[[ Records supplied open ]]
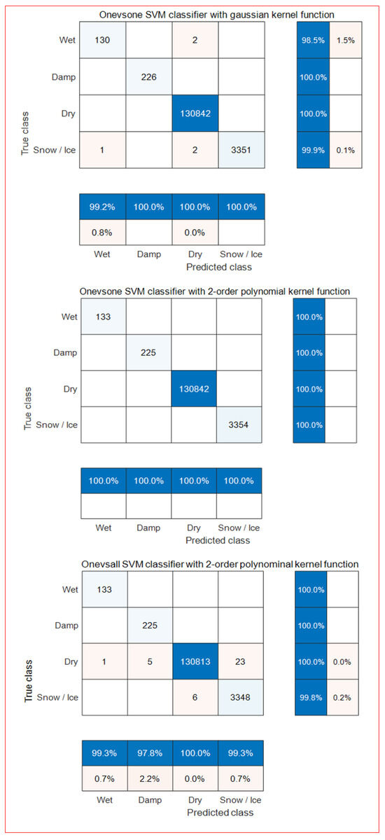 The classification errors of linear and nonlinear classifiers, excluding the one-vs-all linear learner, were below 3%, accurately classifying road surface conditions. The SVM classifier with a one-vs-one second-degree polynomial kernel function achieved the most accurate classification. Furthermore, the one-vs-one learning method was more accurate than the one-vs-all learning method in classification.
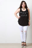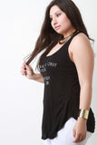 This plus size top features a " Everything Will Be Okay In The End. If It's Not Okay, It's Not The End." graphic print, racer back tank top design, scoop neckline and a flare rounded hem line. Accessories sold separately. 97% Rayon 3% Spandex.
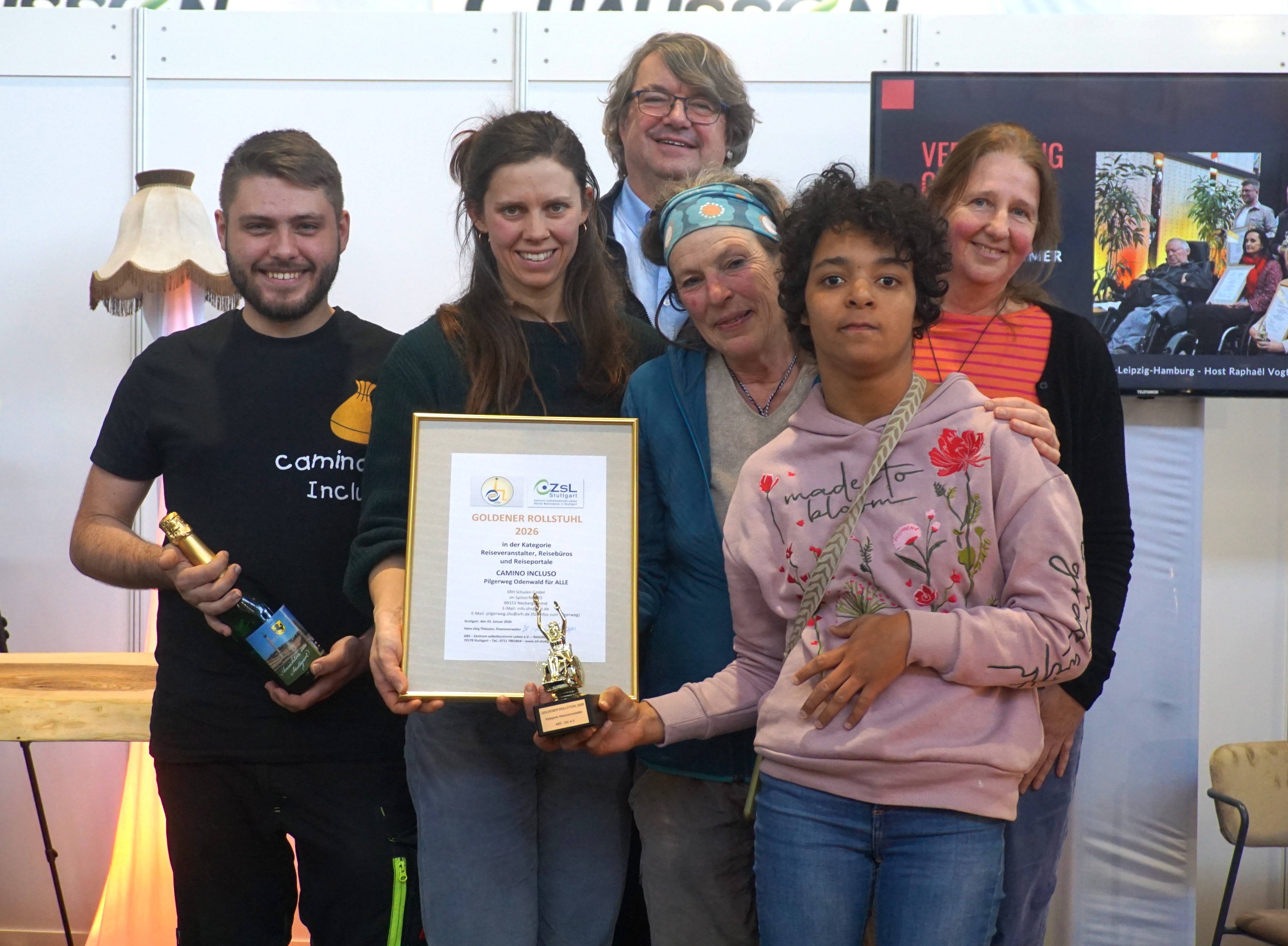 Zwischen Wohnwägen, Reisegewinnspielen und Campingausstattung fand auf der CMT-Urlaubsmesse in Stuttgart kürzlich eine ganz besondere Veranstaltung statt—und die SRH Stephen-Hawking-Schülerin Marlene war mittendrin. Denn die „Aktive Behinderte Stuttgart – das Zentrum selbstbestimmt Leben e.V.“ (ABS ZsL) zeichnete mit dem „Goldenen Rollstuhl“ herausragende Angebote im barrierefreien Tourismus aus. Geehrt wurde dieses Jahr in der Kategorie „Reiseveranstalter“ auch der Camino Incluso, ein barrierearmer Komfortwanderweg im Naturpark Neckartal-Odenwald, an dessen Entstehung die Schüler:innen und Lehrkräfte der SRH Stephen-Hawking-Schule (SHS) federführend waren. Gemeinsam mit ihren Lehrer:innen und dem ehemaligen SHS Schüler Fabian reiste Marlene nach Stuttgart, um voller Stolz die Auszeichnung im Namen der SHS entgegen-zunehmen.
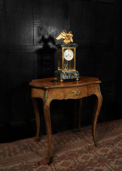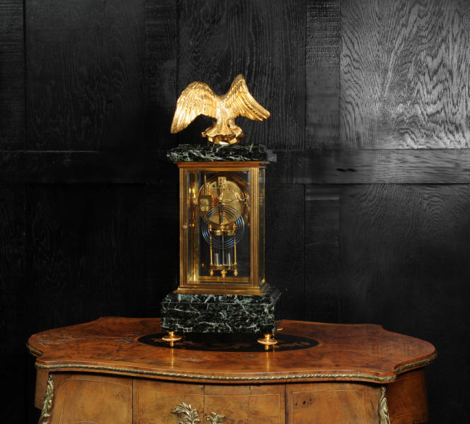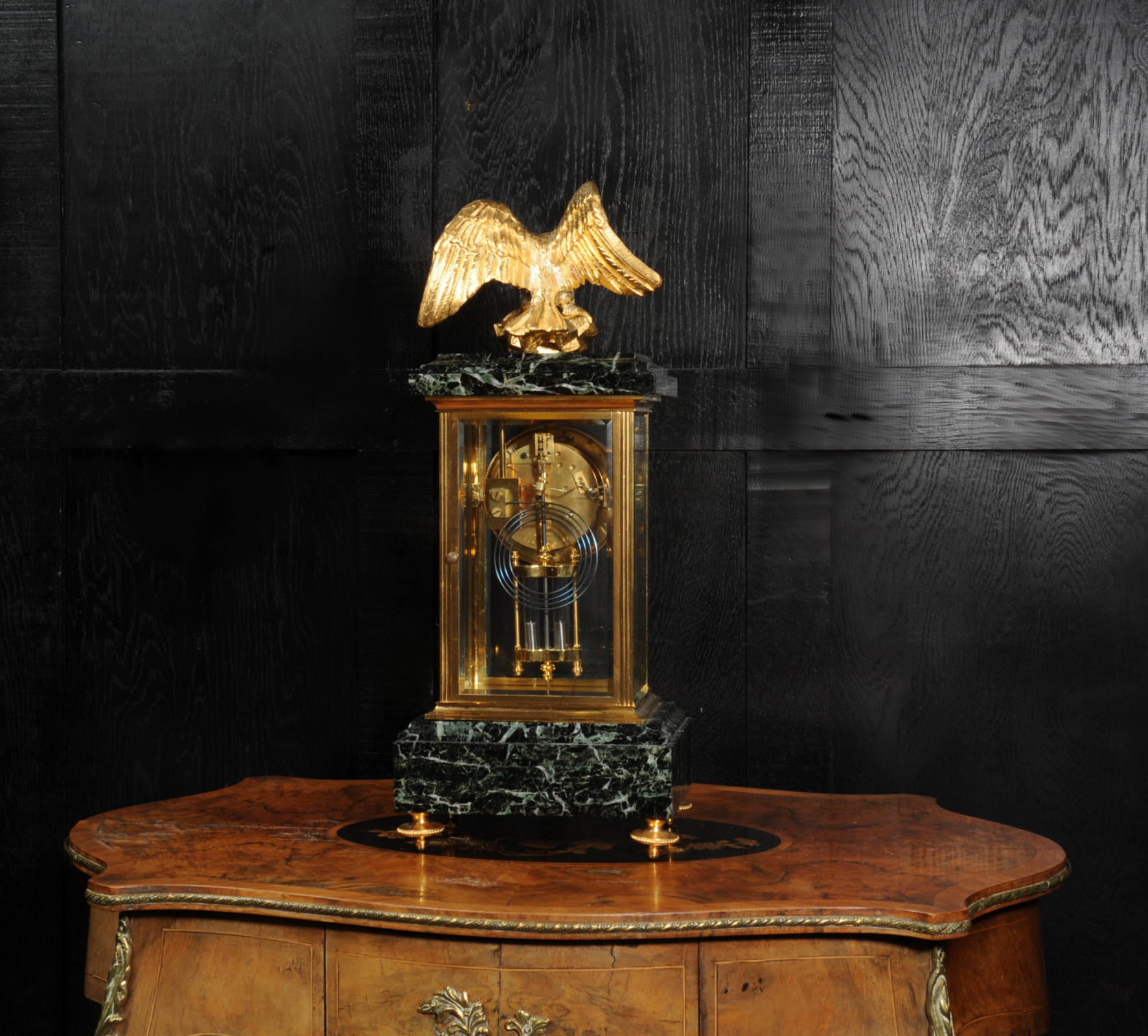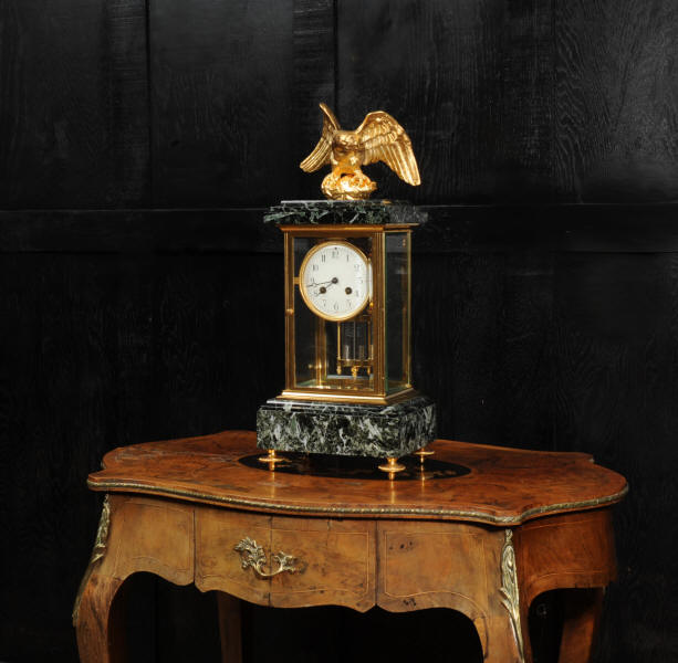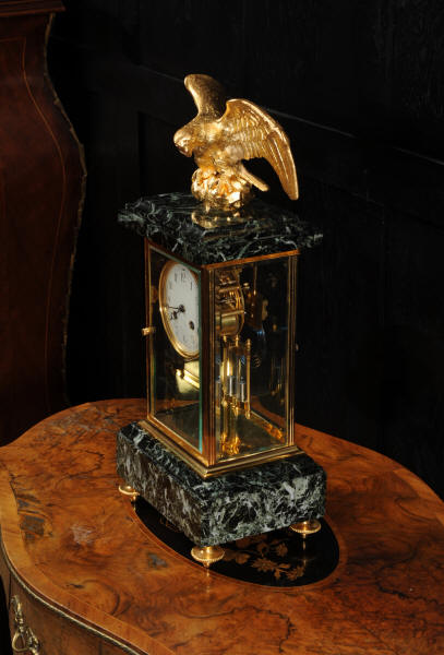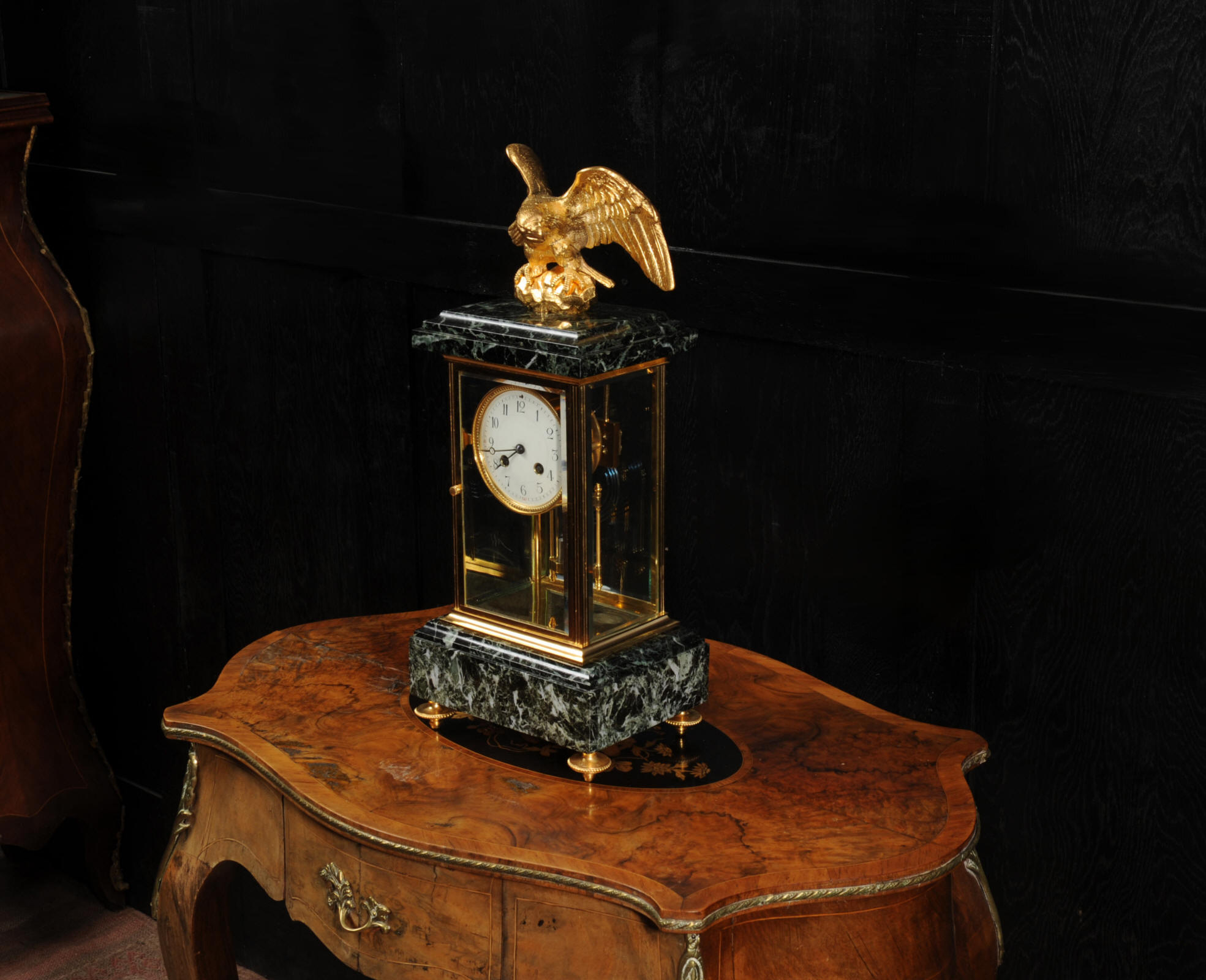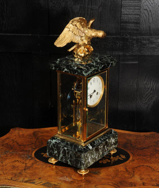 The dial is porcelain enamel with it's original blued steel Breguet hands. The French movement is of high quality and is by Charles Hour. It is in excellent clean and running condition having been fully overhauled by our clockmaker. Pendulum is original, we have replaced the mercury with silver steel for safety. It runs for 8 days and strikes the hours and halves on a sonorous gong. Click the video clip below to hear the gong and watch the clock running!. Condition of the case is excellent, the original gilding is beautifully clean and bright with hardly any wear or discolouration. The dial is also in excellent condition with no damage. The marble is also excellent with just some slight nibbles to the edges. There are some small chips to the corners of the glass panels and a light scratch on the front door.
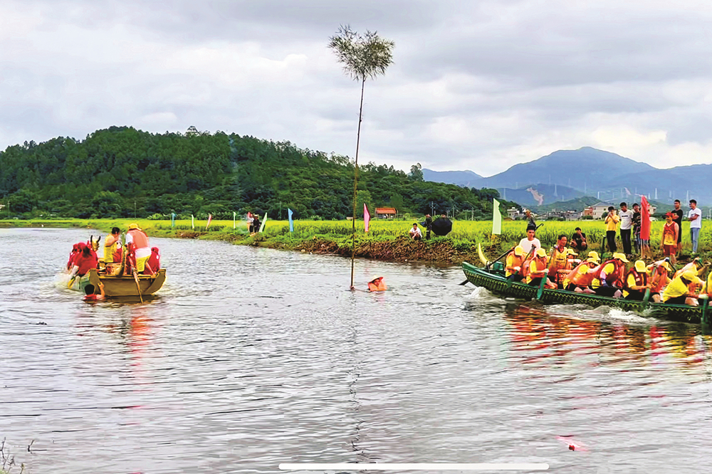 惠東稔山竹園村的別樣稻田龍舟賽。 惠州日報記者洪鵲兒 攝
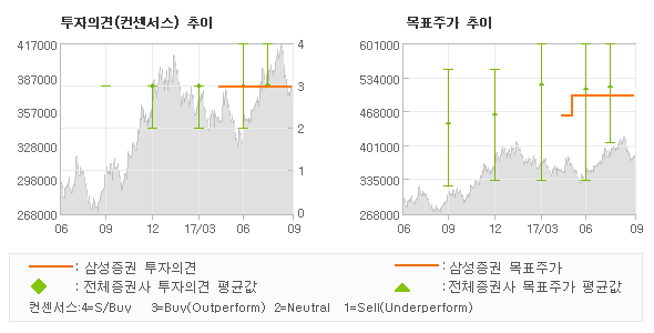 | 의견제시일자 | 증권사 | 투자의견 | 목표가 | | 20170929 | 삼성증권 | 매수 | 500,000 | | 20170927 | 동부증권 | 매수(유지) | 550,000 | | 20170927 | SK증권 | 매수(유지) | 410,000 | | 20170925 | NH투자증권 | 매수(유지) | 550,000 |
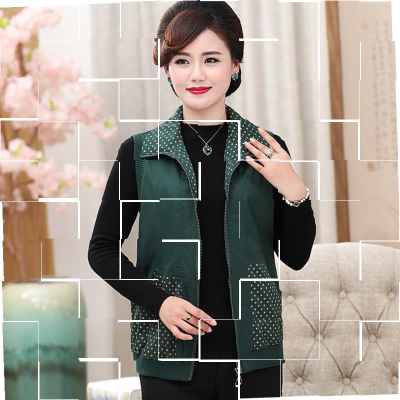 Áo vest của phụ nữ trung niên và cao tuổi Phụ nữ mới mùa xuân và mùa thu áo mẹ in áo vest bà ngoại áo ghi lê ông già. - Áo vest
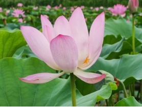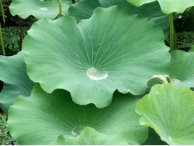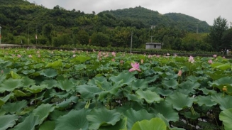 正值夏天,荷塘中荷花开得正好,恰逢刚刚下过雨,荷叶上的露水也还没有消散,显得娇艳欲滴。由于荷塘采取的是藕鱼混合养殖,所以时常也会有鱼从其中窜出。
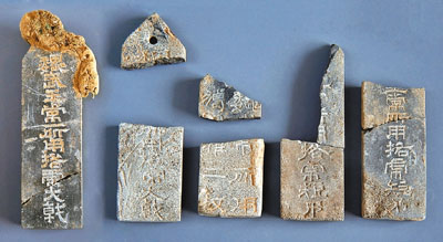 對於有網友指「『曹操高陵』出土的石牌更像是倉庫裡的說明牌,而不是墓葬所用的物件」,潘偉斌回應,此次出土的近60枚石牌(圖),集中於後室的南側室,這些側室就是曹操陵墓的倉庫,銘牌正是倉庫內隨葬物品的清單,這種東西有一個專有名詞—「遣冊」。
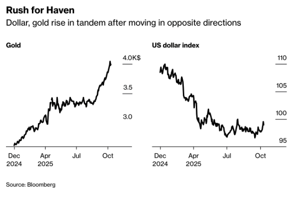 At the same time, capital flows shifted decisively toward safe havens. Gold surged 3% to above $4,000 per ounce, while the dollar also strengthened – a rare combination signaling broad risk aversion. The yield on 10-year Treasuries edged down slightly to 4.05%.
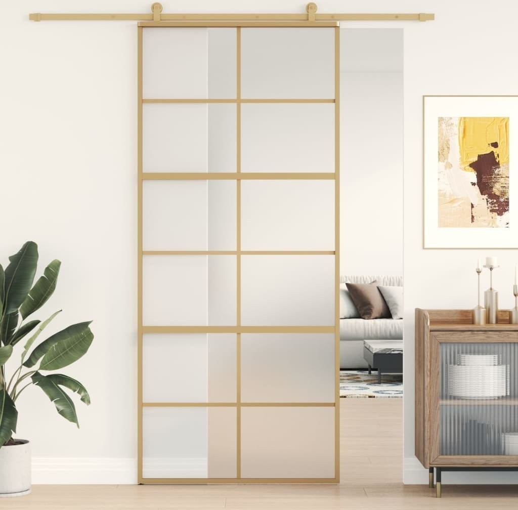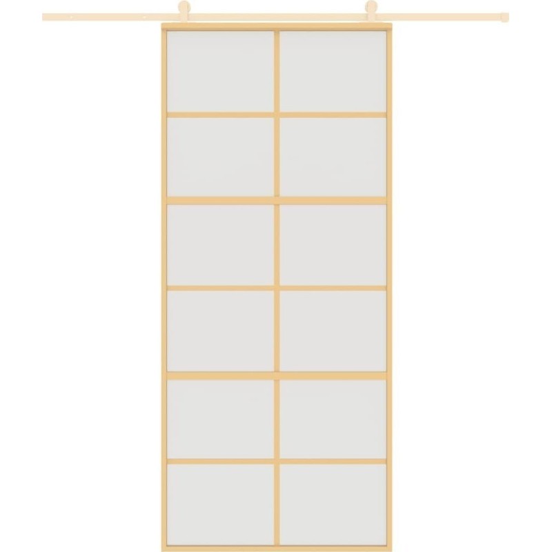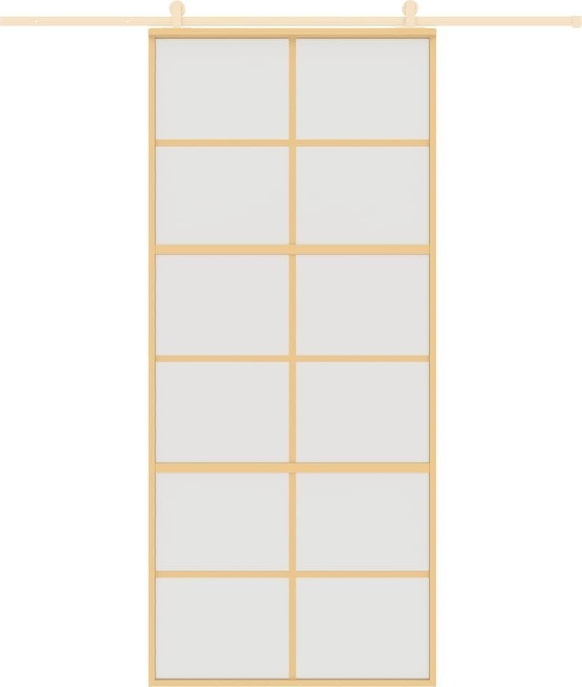 vidaXL Drzwi przesuwne, złote, 90x205 cm, mrożone szkło ESG, aluminium
[[ Records supplied closed ]]
In the material above, the stretch from the line with "The dial is porcelain" through the line with "正值夏天,荷塘中荷花开得正好" is to be given again exactly, minus the pictures.

 The dial is porcelain enamel with it's original blued steel Breguet hands. The French movement is of high quality and is by Charles Hour. It is in excellent clean and running condition having been fully overhauled by our clockmaker. Pendulum is original, we have replaced the mercury with silver steel for safety. It runs for 8 days and strikes the hours and halves on a sonorous gong. Click the video clip below to hear the gong and watch the clock running!. Condition of the case is excellent, the original gilding is beautifully clean and bright with hardly any wear or discolouration. The dial is also in excellent condition with no damage. The marble is also excellent with just some slight nibbles to the edges. There are some small chips to the corners of the glass panels and a light scratch on the front door.
 惠東稔山竹園村的別樣稻田龍舟賽。 惠州日報記者洪鵲兒 攝
 | 의견제시일자 | 증권사 | 투자의견 | 목표가 | | 20170929 | 삼성증권 | 매수 | 500,000 | | 20170927 | 동부증권 | 매수(유지) | 550,000 | | 20170927 | SK증권 | 매수(유지) | 410,000 | | 20170925 | NH투자증권 | 매수(유지) | 550,000 |
 Áo vest của phụ nữ trung niên và cao tuổi Phụ nữ mới mùa xuân và mùa thu áo mẹ in áo vest bà ngoại áo ghi lê ông già. - Áo vest
 正值夏天,荷塘中荷花开得正好,恰逢刚刚下过雨,荷叶上的露水也还没有消散,显得娇艳欲滴。由于荷塘采取的是藕鱼混合养殖,所以时常也会有鱼从其中窜出。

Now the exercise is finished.